## EXERCISE OBJECTIVE
Retype, word for word, the line holding "Les espaces de" and every line below it to the end of the listing. Leave out the pictures.

—————

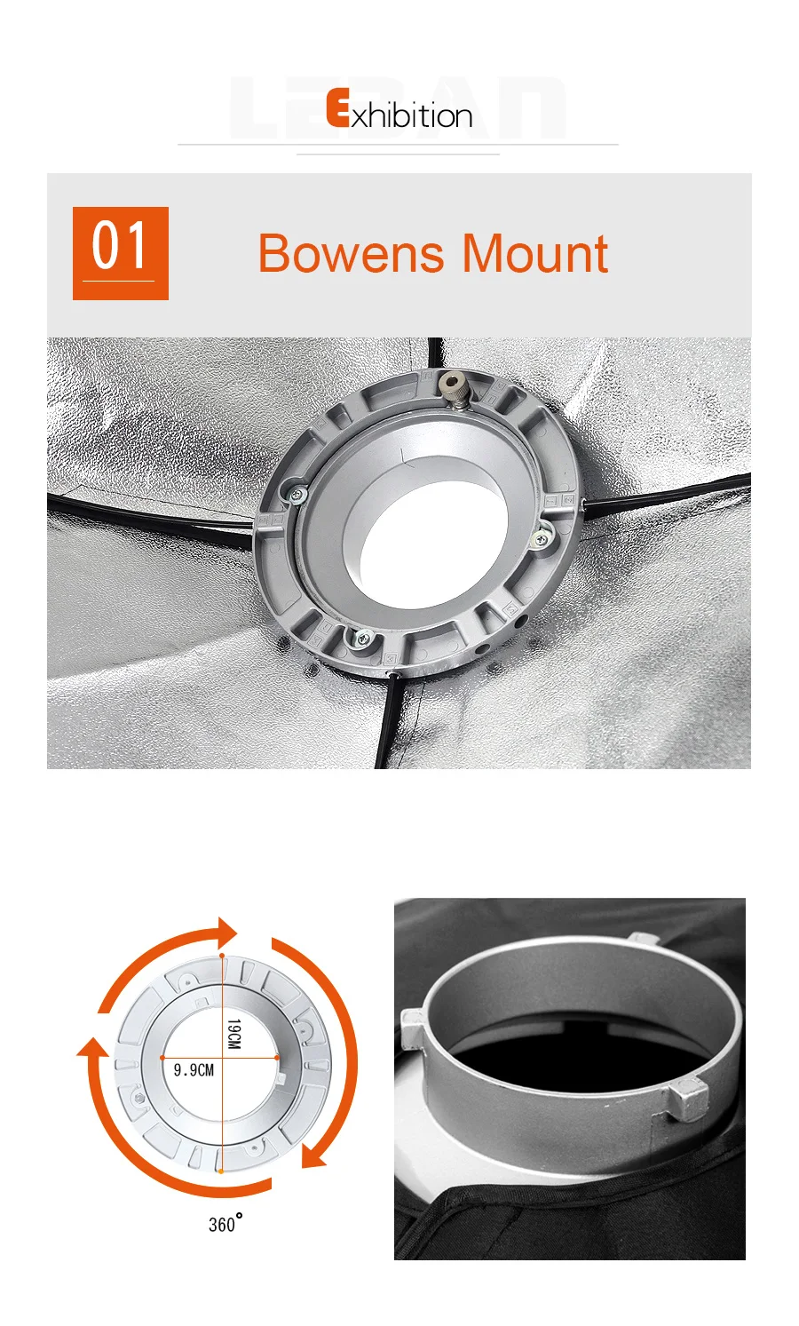 Легко разбирается, легко складывается и легко переносится, идеально подходит для студийной или наружной мобильной фотографии.
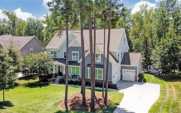 Curb appeal galore for this stunning three-story home! A lush yard w/ manicured landscaping & rocking chair front porch welcomes you home to this craftsman style stunner! Enter to a 2-story foyer. Bright office through French doors. Spacious formal living & dining w/ tray ceilings. Eat-in kitchen boasts 5 burner gas cooktop, G-Energy Star Dishwasher, new double oven, GE Profile SS appliances, expansive island, plus gorgeous granite & backsplash. Great room pre-wired for surround sound & large gas fireplace. Laundry/mud room on main. Upstairs, massive owner's suite w/ sitting area & bath feat. garden tub. 3 additional beds, 2 attached w/ Jack-and-Jill. On 3rd, bed w/ bath, media room, & space for storage!Out back, a paver patio w/ fireplace & built-in grill w/ countertop space & bar surrounded by mature trees. Enough room for two large outdoor dining sets! 3 car, side load garage & sprinkler system round out this beyond perfect, move in ready home!
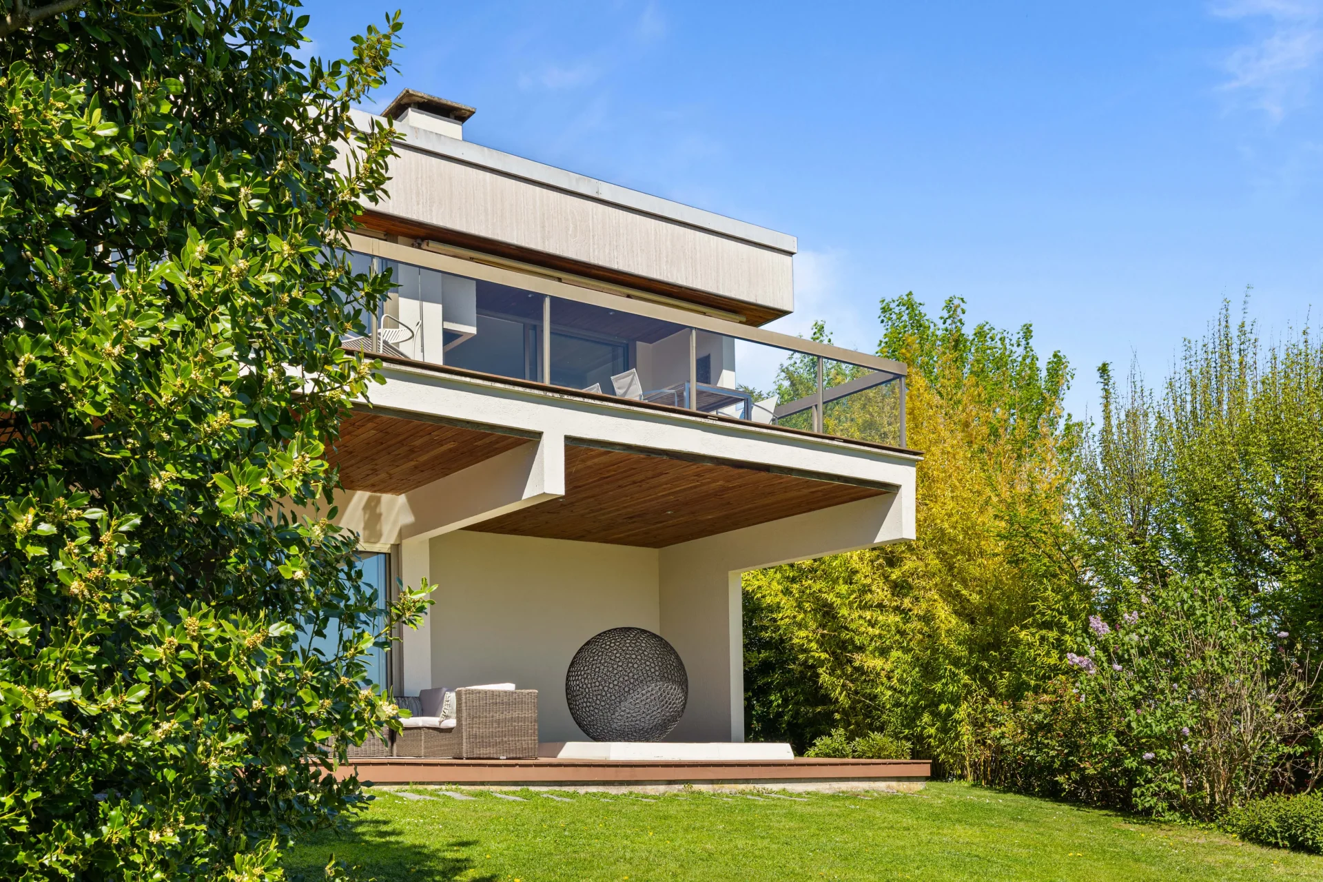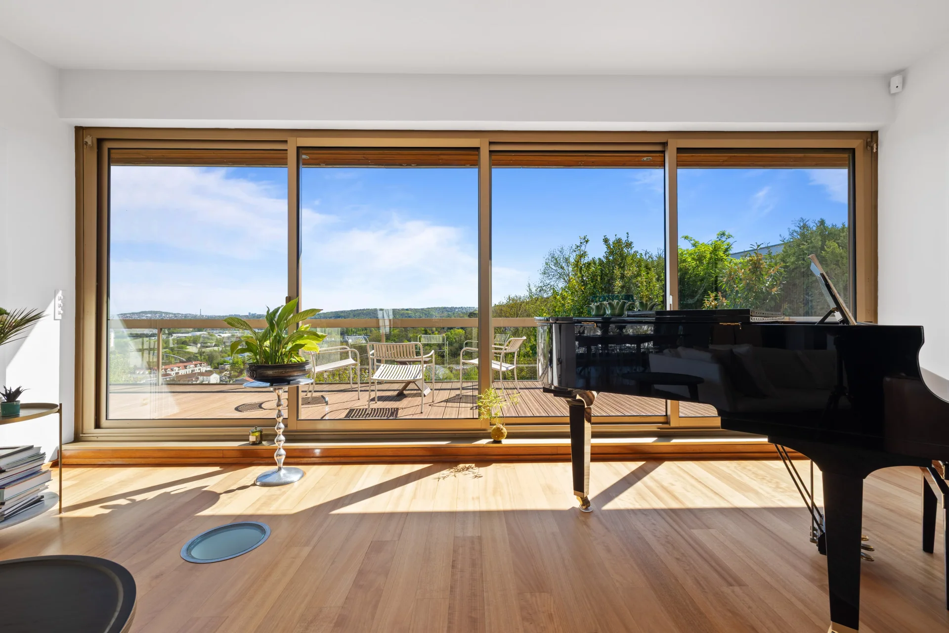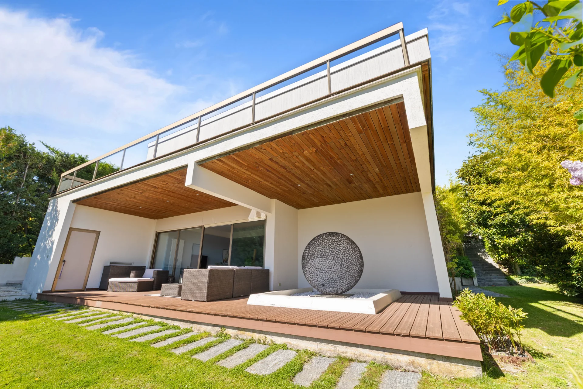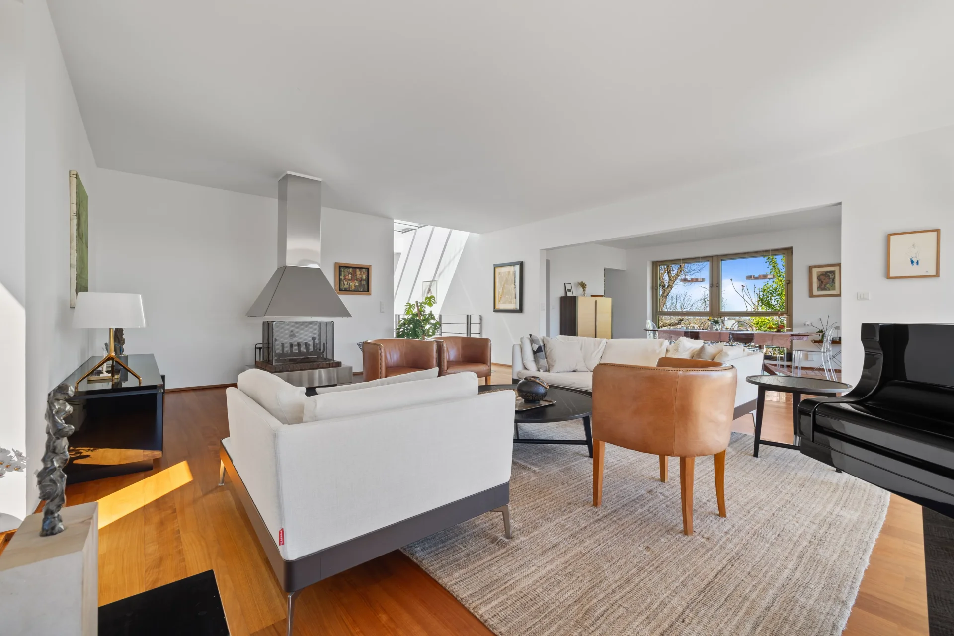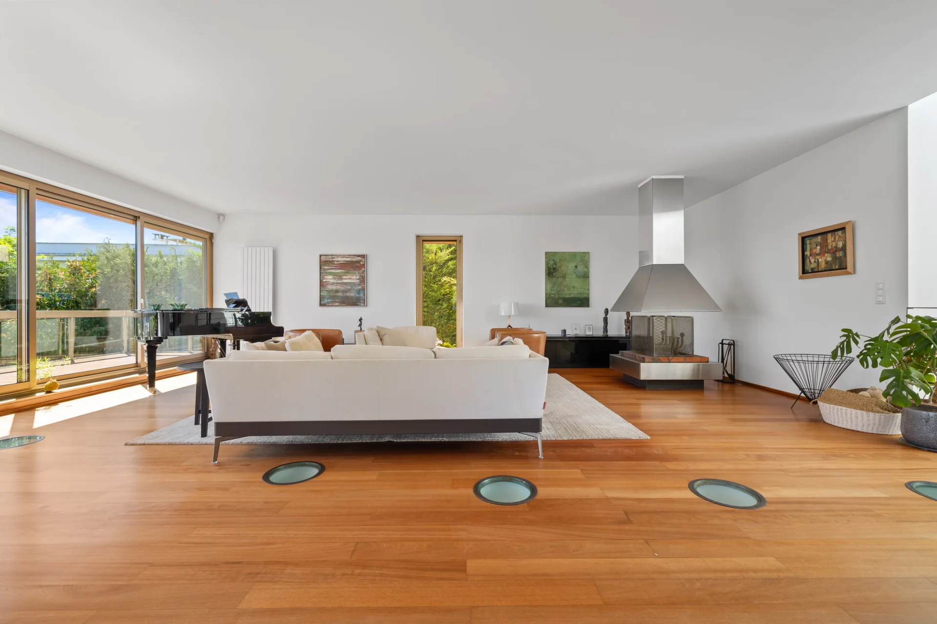 Les espaces de réception, aux proportions généreuses, s’ouvrent largement sur l’extérieur grâce à de vastes baies vitrées, offrant une luminosité traversante et une parfaite continuité avec les terrasses et le jardin.
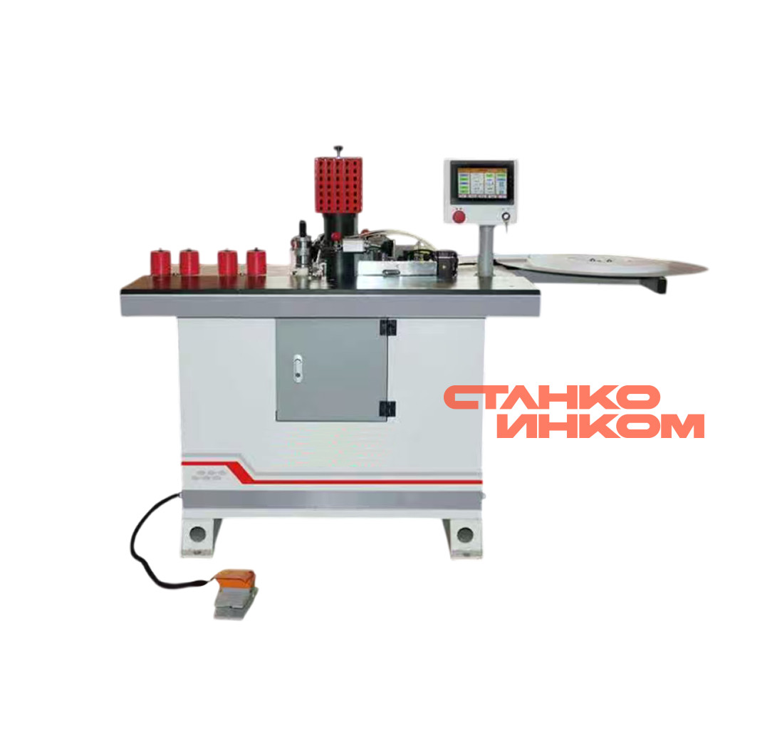 Предназначен для облицовывания прямолинейных и криволинейных кромок мебельных щитов и заготовок натуральным полосовым и синтетическим рулонным материалом. Приклеивание ведется при ручной подаче заготовки. Подача кромочного материала в зону приклеивания осуществляется автоматически из магазина.
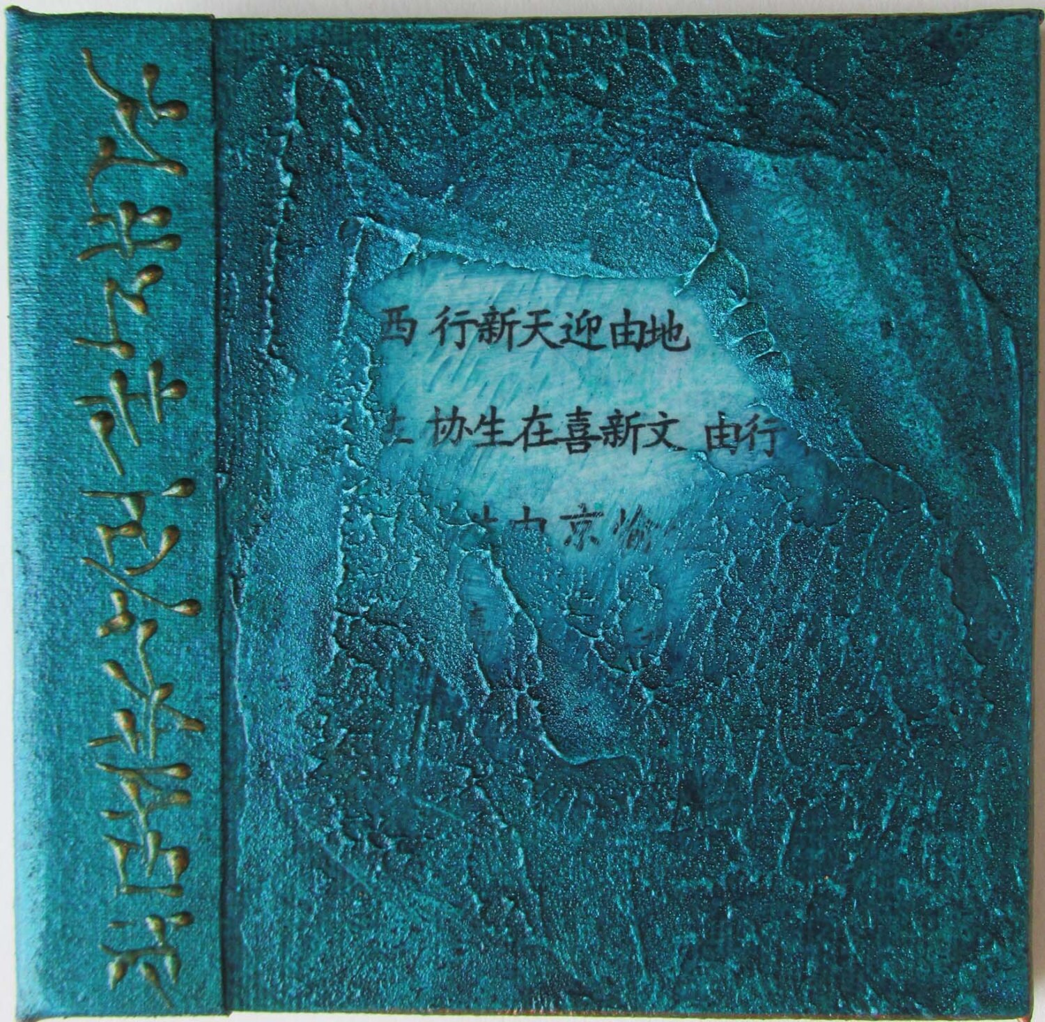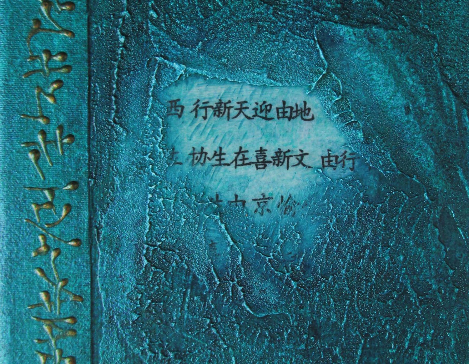 This journal has been decorated with handmade paper, collage and painted with acrylic paints. The inside covers have been glazed with copper paint and distressed.
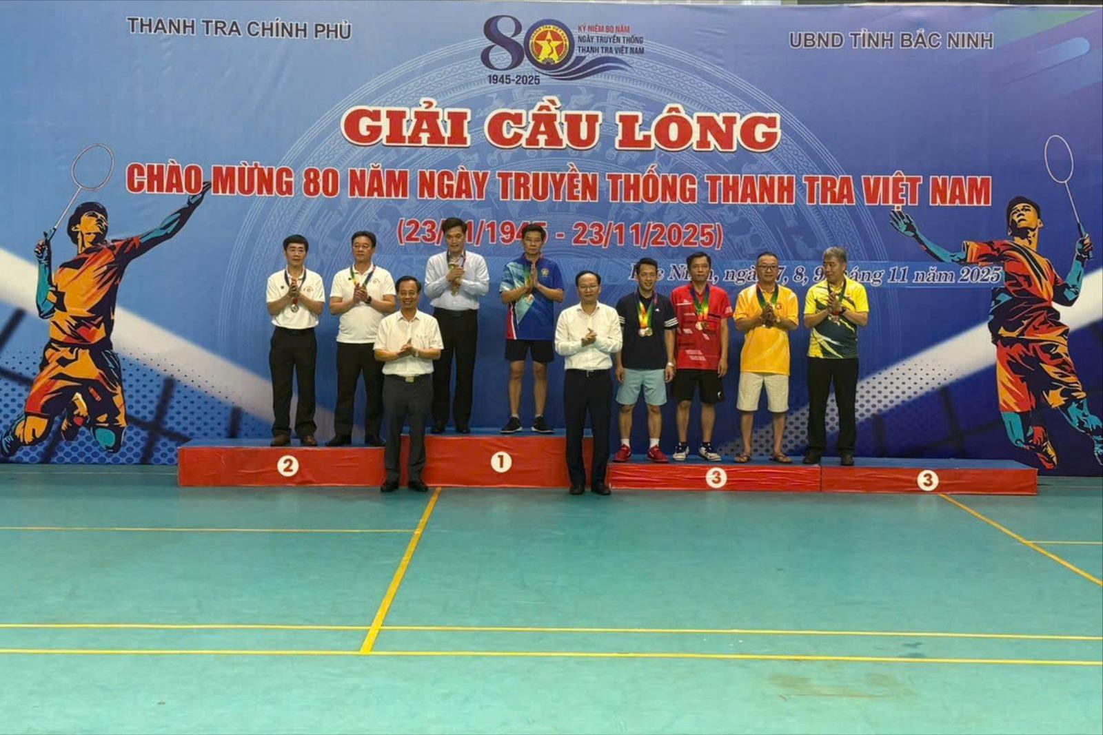 Đôi nam lãnh đạo Thanh tra tỉnh Bắc Ninh đạt giải Nhất môn Cầu lông tại Hội thao ngành Thanh tra năm 2025. Ảnh: TV

—————

## RESPONSE AREA
 Les espaces de réception, aux proportions généreuses, s’ouvrent largement sur l’extérieur grâce à de vastes baies vitrées, offrant une luminosité traversante et une parfaite continuité avec les terrasses et le jardin.
 Предназначен для облицовывания прямолинейных и криволинейных кромок мебельных щитов и заготовок натуральным полосовым и синтетическим рулонным материалом. Приклеивание ведется при ручной подаче заготовки. Подача кромочного материала в зону приклеивания осуществляется автоматически из магазина.
 This journal has been decorated with handmade paper, collage and painted with acrylic paints. The inside covers have been glazed with copper paint and distressed.
 Đôi nam lãnh đạo Thanh tra tỉnh Bắc Ninh đạt giải Nhất môn Cầu lông tại Hội thao ngành Thanh tra năm 2025. Ảnh: TV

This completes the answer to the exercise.